2 renouvellements, 18 mois, carence : les limites à connaître pour un CDD
Un CDD peut être renouvelé 2 fois maximum, sauf si une convention collective ou un accord de branche prévoit une règle différente. Mais cette limite ne suffit pas à elle seule : le renouvellement doit aussi respecter une durée totale maximale, être prévu par écrit et rester lié à un besoin temporaire.
Pour un salarié comme pour un employeur, l’essentiel est donc de vérifier à la fois le nombre de renouvellements possibles, la forme du renouvellement et les risques de requalification en CDI en cas d’erreur.

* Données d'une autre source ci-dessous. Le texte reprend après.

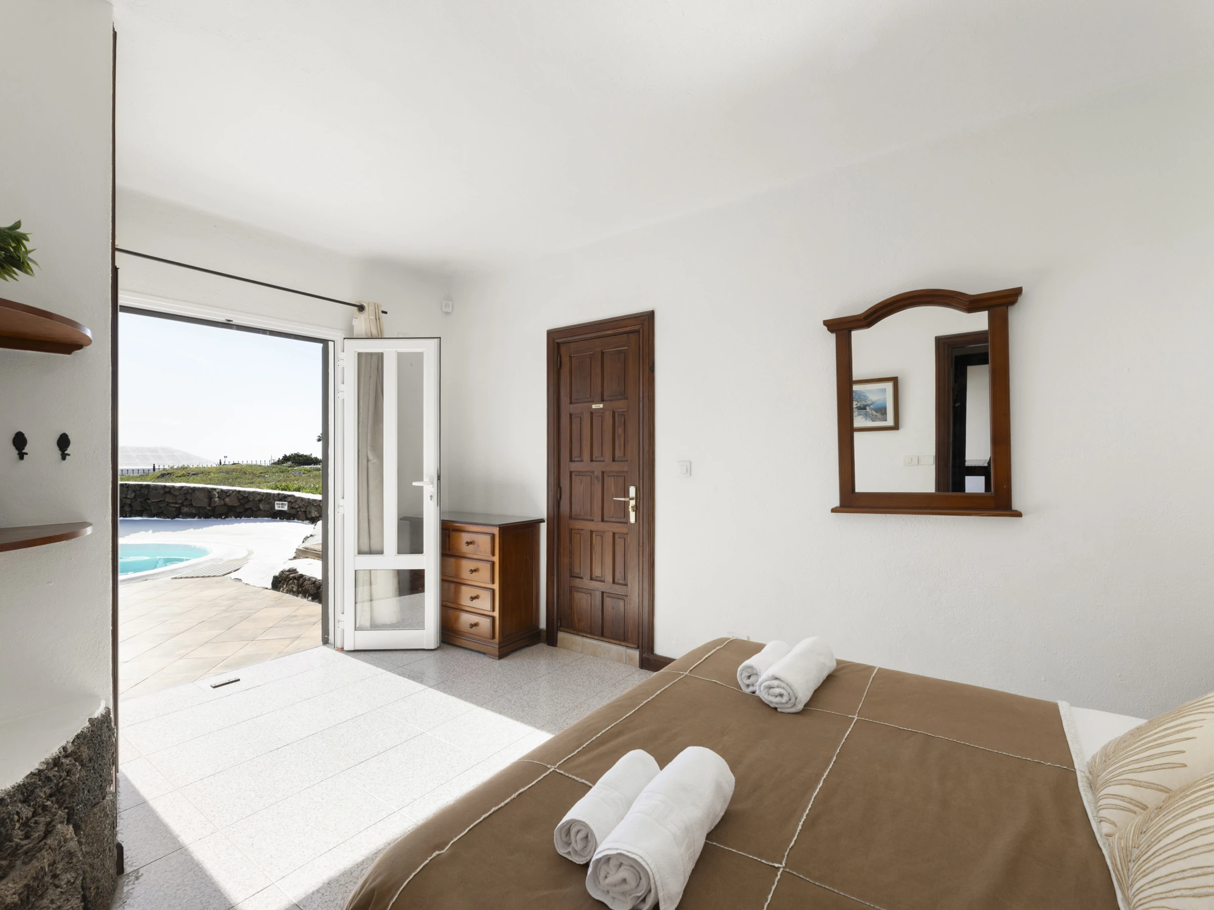 GRAND SALON avec capacité pour 6 personnes, cheminée, deux fenêtres et portes françaises donnant sur la terrasse, la piscine et le jardin. Salle de bain de bonne taille avec douche à l'italienne, bidet, lavabo et toilettes, à côté de la CHAMBRE PRINCIPALE avec un grand lit de couple, placards intégrés et portes françaises donnant sur la terrasse, la piscine et le jardin.

La règle générale : 2 renouvellements maximum pour un CDD
Dans le cas le plus courant, un contrat à durée déterminée peut être renouvelé deux fois. Le CDD initial peut donc être prolongé une première fois, puis une seconde fois, à condition de rester dans le cadre prévu par la loi ou par l’accord applicable dans l’entreprise.
Exemple simple : un salarié signe un CDD de 4 mois pour faire face à un accroissement temporaire d’activité. L’employeur peut proposer un premier renouvellement de 3 mois, puis un second de 2 mois. Le contrat a bien été renouvelé deux fois, pour une durée totale de 9 mois.
Renouveler n’est pas signer un nouveau CDD
Le renouvellement prolonge le contrat existant. Il ne s’agit pas d’un nouveau contrat indépendant. Le salarié reste dans la même relation de travail, pour le même motif et, en principe, dans les mêmes conditions essentielles. Cette distinction compte, car elle permet de savoir si l’on parle d’un renouvellement ou d’une succession de CDD, qui obéit à d’autres règles, notamment le délai de carence.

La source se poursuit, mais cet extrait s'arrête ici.